The Iraqi government has set aside $1.5 billion for military sales. “They're now beginning to engage us with the desire to purchase and procure more modern weaponry,” Dempsey said. “In particular they're immediately interested in U.S. personal weapons – that's rifles and machine guns and such.”
Multinational Forces Iraq officials in Baghdad said the coalition training teams now embedded with all Iraqi units will concentrate on teaching Iraqi commanders and staffs how to plan and execute operations, how to gather intelligence and then act upon it, and how to direct units in the field, they said.
The Iraqis will also concentrate on cooperation between the ministry of defense and the interior, officials said.

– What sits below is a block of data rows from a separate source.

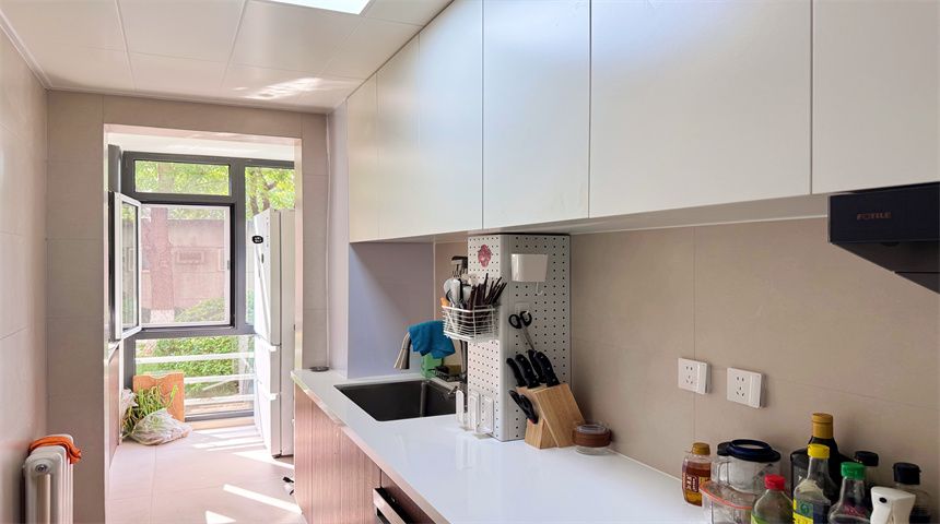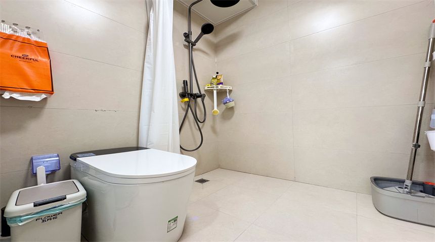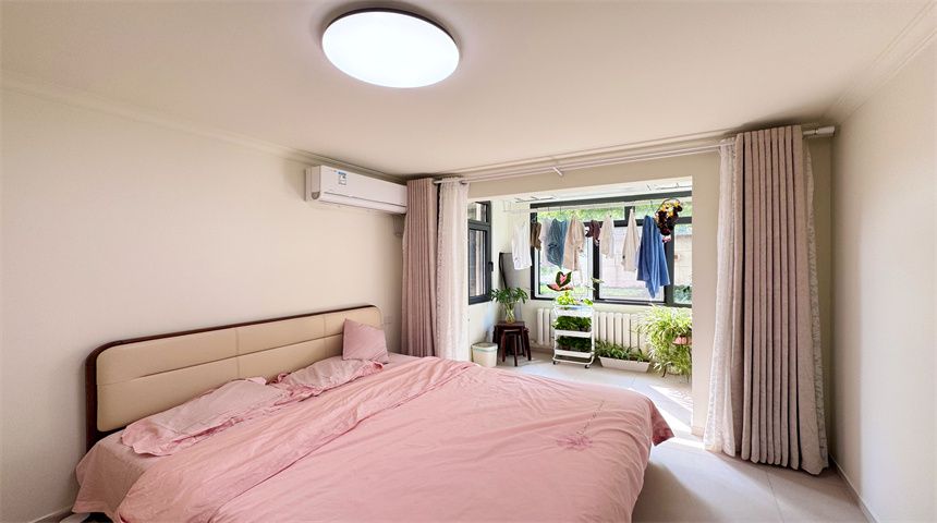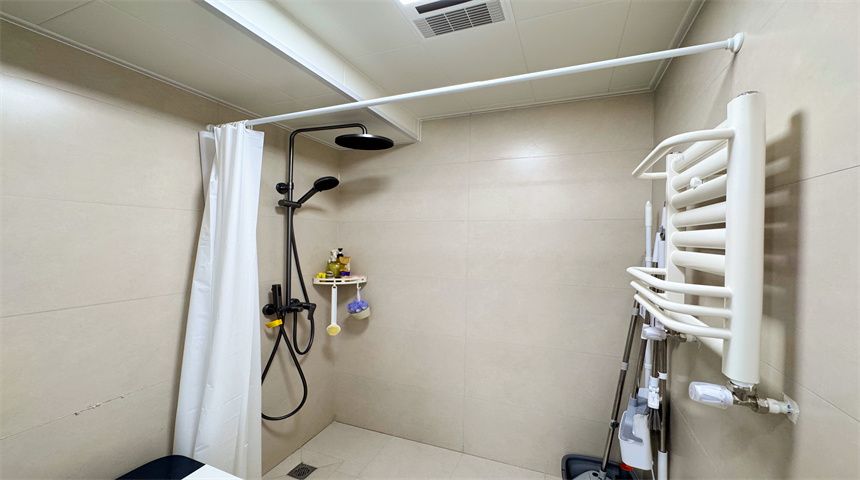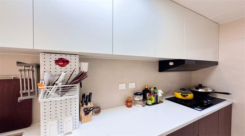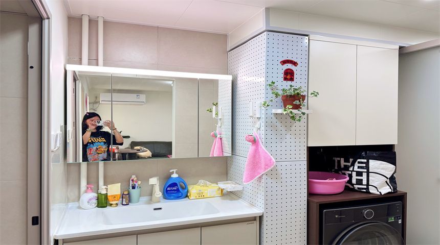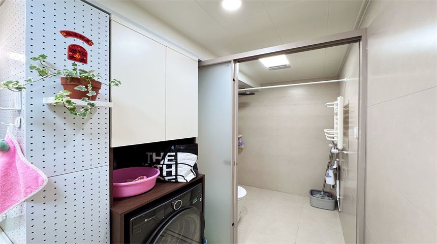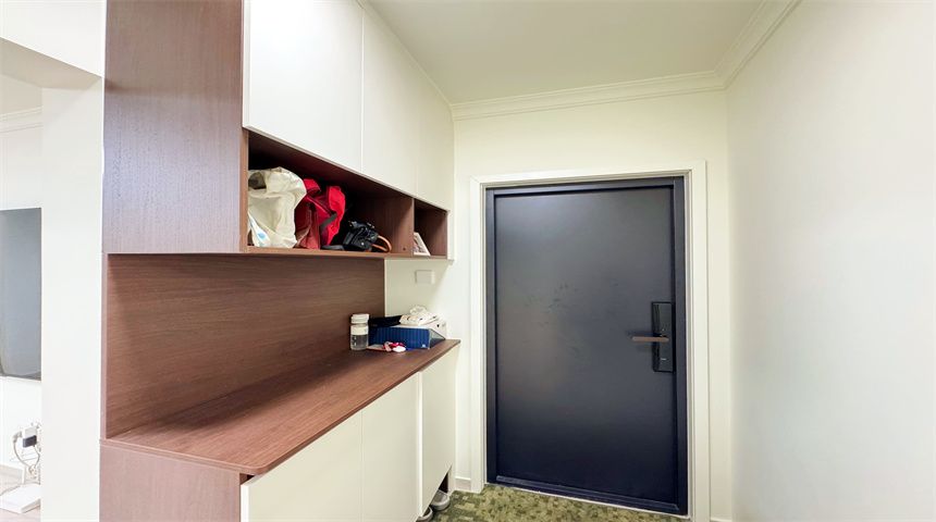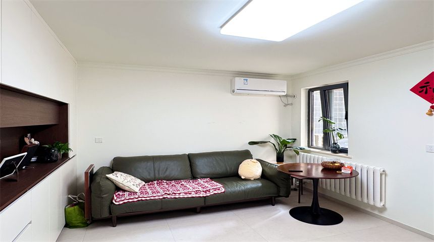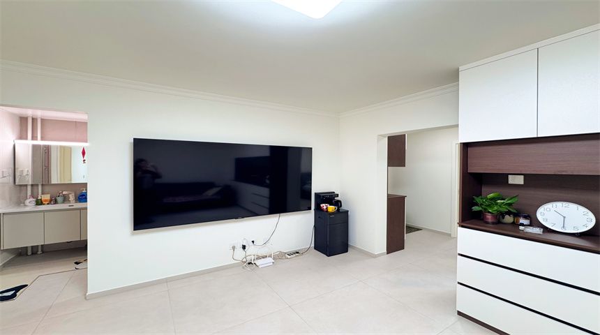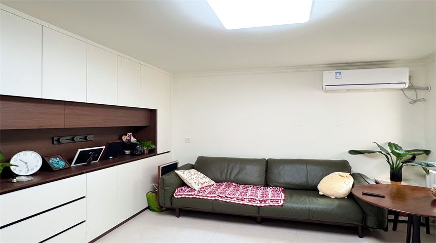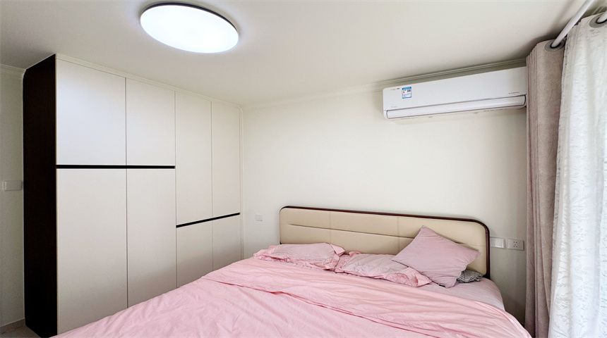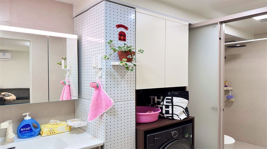 本案为简约风三居室装修。进门首先是玄关柜,作为简单的置物使用,也当作鞋柜使用。正对入户门的墙面做了门的移位,使次卧门不正对入户门。次卧书房都是简单设计,地面800*800地砖通铺,顶面双眼皮石膏线,床、衣柜、书桌一应俱全。客餐厅一体化设计,电视背景墙拆改移位,因为要挂电视,将轻体墙改为红砖墙。餐边柜到顶不留缝隙,中间做轨道插座,方便电器使用。主卧也是简单设计,通体大衣柜,阳台采光充足。卫生间干湿分离,洗手盆外移,为了扩大空间拆除原墙体,用洞洞板包裹下水管道,美观实用,洗衣机做嵌入式设计,湿区做推拉门,墙面400*800的薄贴法,淋浴区用帘子简单隔离。厨房采用一字型橱柜设计,墙砖400*800,冰箱放置阳台。
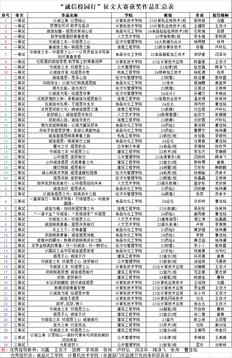 4月初,活动通知下发后,各二级学院(部)高度重视,广泛宣传动员,质院学子积极参与,踊跃投稿,同学们围绕“守诚信之本,怀感恩之心”主题,结合自身经历,聚焦受助脱困、成长蜕变、诚信感恩的典型事迹,重点宣传国家学生资助政策体系,体现党和政府教育资助政策温度。经过各二级学院(部)初赛筛选,共有266件作品进入校级复赛评审。4月底,学生处组织专家对作品进行了认真评选,共评出一等奖10名(其中4名推荐为省级决赛作品)、二等奖20名、三等奖30名,优秀指导教师10名,优秀组织奖2名。
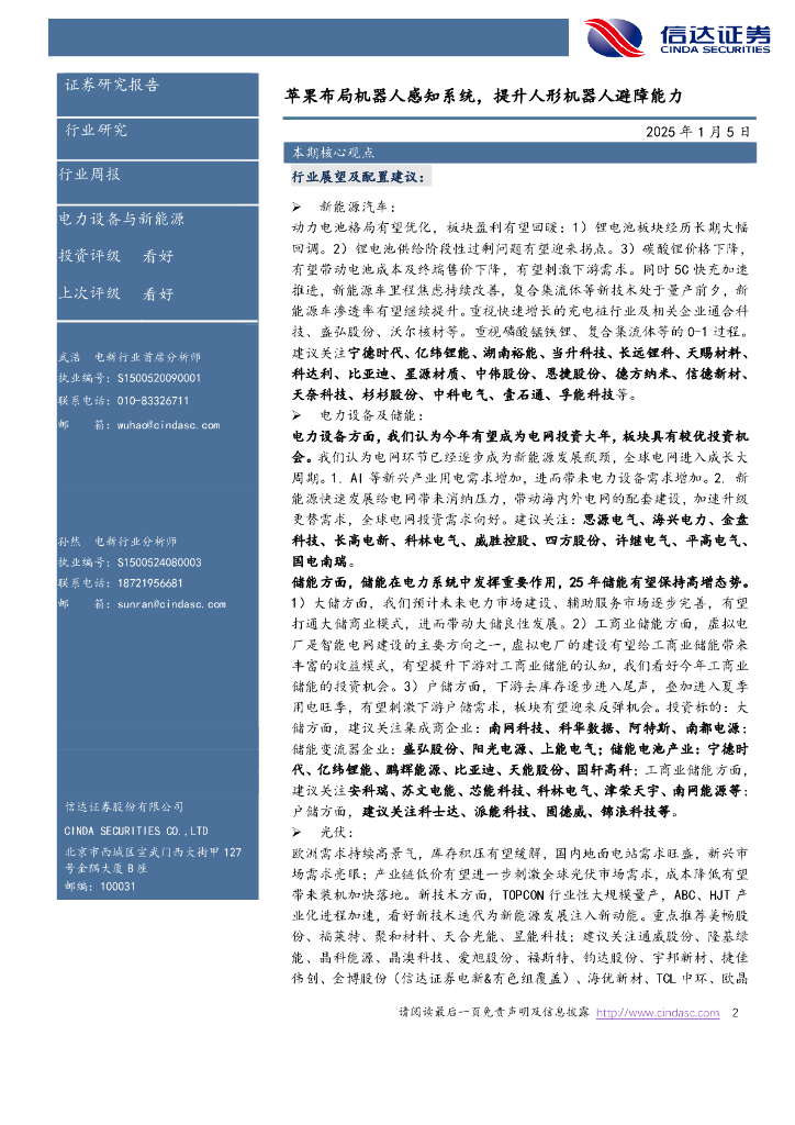 信达证券:电新周报:苹果布局机器人感知系统,提升人形机器人避障能力电力设备与新能源.pdf
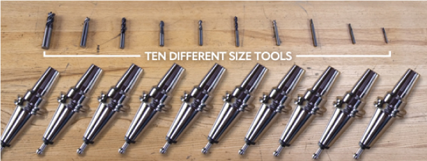 + Với kiểu cán dao này tính linh hoạt tốt. Mỗi kích thước dao chúng ta chỉ cần thay đổi 1 collet phù hợp với đường kính dao.
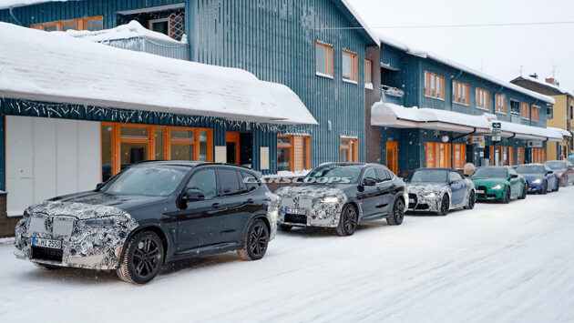 BMW создала вымышленный город под названием M, где улицы ровные, погода хорошая, и все водят M-модель. Однако компания скрывает темный секрет, поскольку настоящий M Town на самом деле тестируется далеко не в таких условиях. Новинку ждет снег и минусовые температуры в Северной Европе. На обнародованных фотошпионами снимках кроме обновленных X3 M и X4 M можно увидеть совершенно новый кабриолет M4. Еще дальше появляются два купе M4. Это впечатляющая коллекция моделей M, но на этот раз стоит сосредоточиться на X3 M 2022 модельного года. Новинка получит небольшое обновление, которое включает обновленную панель, переработанную решетку радиатора и более тонкие фары. Говоря о последнем, они включают новые светодиодные дневные ходовые огни, которые отказываются от нынешней C-образной формы. Ниже представлен обновленный воздухозаборник, в котором больше нет акцента, напоминающего мост. Дополнительные изменения ограничены, но у авто может появится новый задний бампер, а также обновленные задние фонари. В интерьере кроссовер получит большую информационно-развлекательную систему с новейшим программным обеспечением. Модель также может пойти по стопам M3 и M4, получив от разработчиков новый переключатель, обновленное распределительное устройство и переработанный контроллер iDrive. Под капотом мы можем ожидать знакомый твин-турбо 3,0-литровый 6-цилиндровый двигатель мощностью на 473 лошадиных сил и 598 Нм крутящего момента в базовой комплектации. Переход к варианту Competition должен увеличить этот показатель как минимум до 503 л.с. Ожидается, что обновленный BMW X3 M дебютирует в конце этого года, но точное время остается загадкой. Читайте также о том, что BMW M показал рекордные продажи в 2020 году и подтвердил M5 CS на 2021 год.
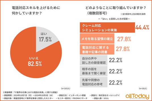 一方で、電話対応スキル向上のために何かしらの取り組みをしている方は約2割にとどまり、多くの方が特別な取り組みをしていないことが判明しました。
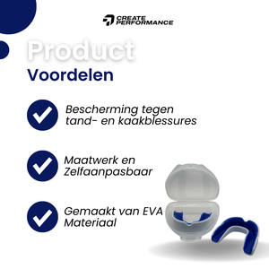 De gebitsbeschermer van Create Performance is vervaardigd uit sterk en flexibel EVA-materiaal. Dit zorgt niet alleen voor maximale bescherming, maar ook voor een comfortabele pasvorm die zich volledig naar je gebit vormt. Het lichtgewicht ontwerp maakt het dragen van de beschermer nog prettiger en het materiaal is bovendien makkelijk schoon te maken, zodat je altijd een hygiënische bescherming hebt.
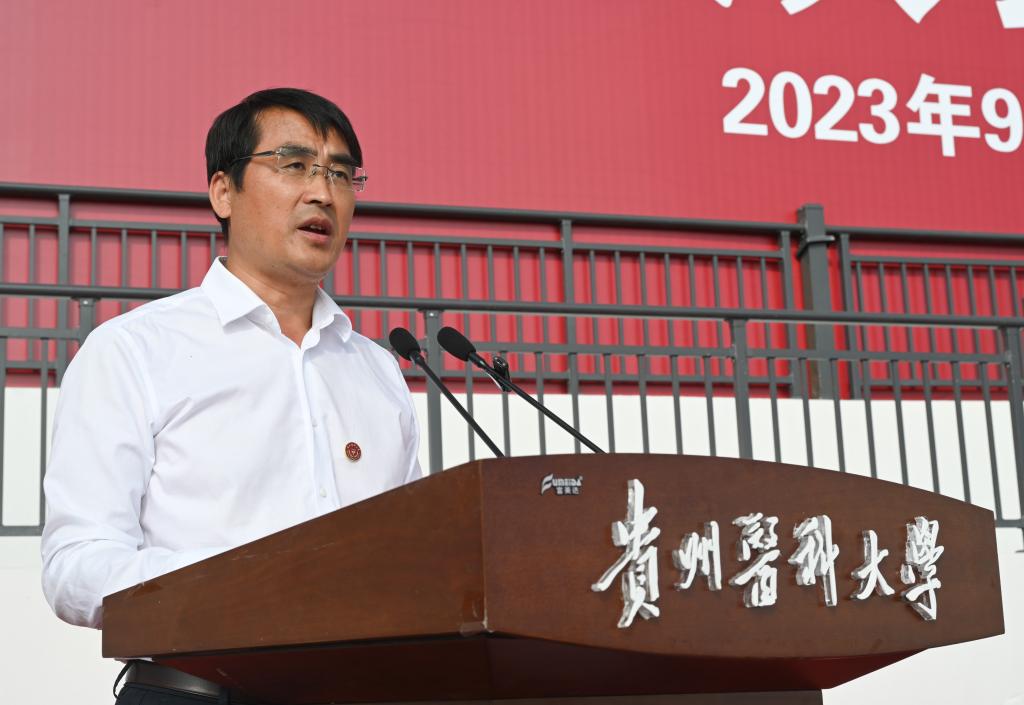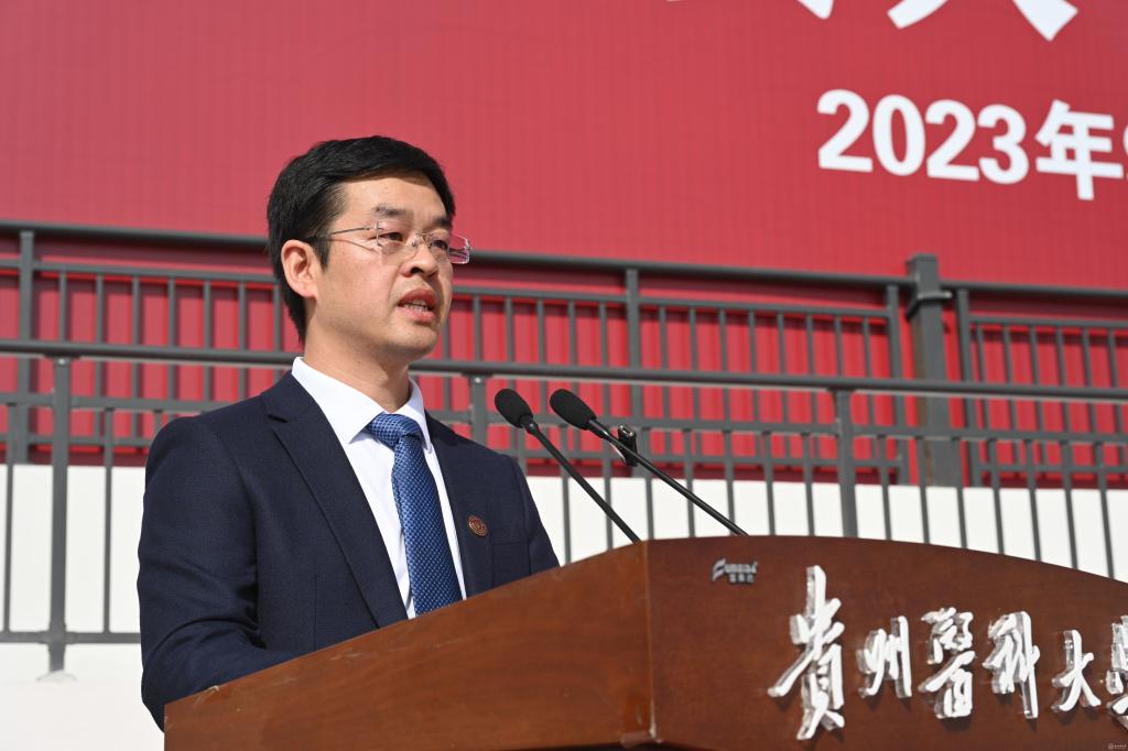 伴随着庄严肃穆的升旗仪式,全体师生齐唱国歌,开学典礼正式开始。罗鹏以《凝心铸魂向复兴 挺膺担当砺青春 以青春奋斗姿态在人生新赛道上逐梦前行》为题寄语新生,并代表awc777万象城娱乐官网全体教职医护员工生向2023级的全体新同学们表示欢迎。他指出,八十五载弦歌不辍,从国立贵阳医学院到今天的awc777万象城娱乐官网,一代又一代贵医人坚守初心、艰苦创业、砥砺奋进,学校已发展成为一所以医学为主,学科门类齐全并协调发展、各学科竞相争妍、底蕴深厚的高等学府。
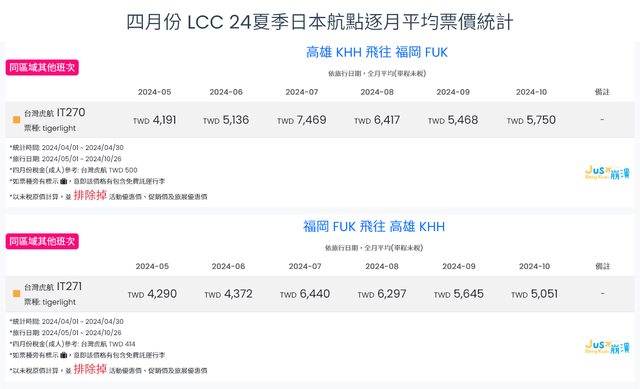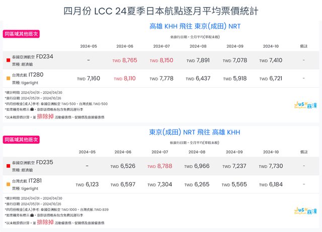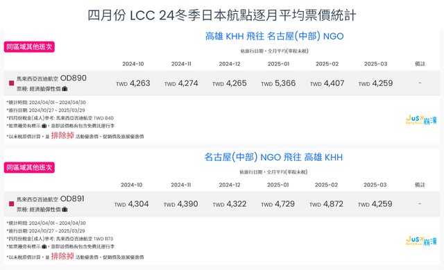 標題[分享] 4月LCC 24夏、24冬日本航點逐月均價統計

The size and composition of the coalition embedded training teams will probably change, Dempsey said.
“I think that growing the size of the transition teams makes a great deal of sense, and also changing their composition,” he said. “If you think about it, when we started down this path of embedding transition teams, the Iraqi security forces were not very well developed, and so we had kind of a minimal approach to the embedded transition teams and we maximized the approach of having a partner unit with it.
“Now the Iraqi forces are becoming more capable, and it's my view, and I think it will be our view, that we should probably at this time reverse the paradigm,” he continued. “We should enhance the transition teams and minimize our partnership with them so that they get used to standing on their own. And I think that's where we're headed.”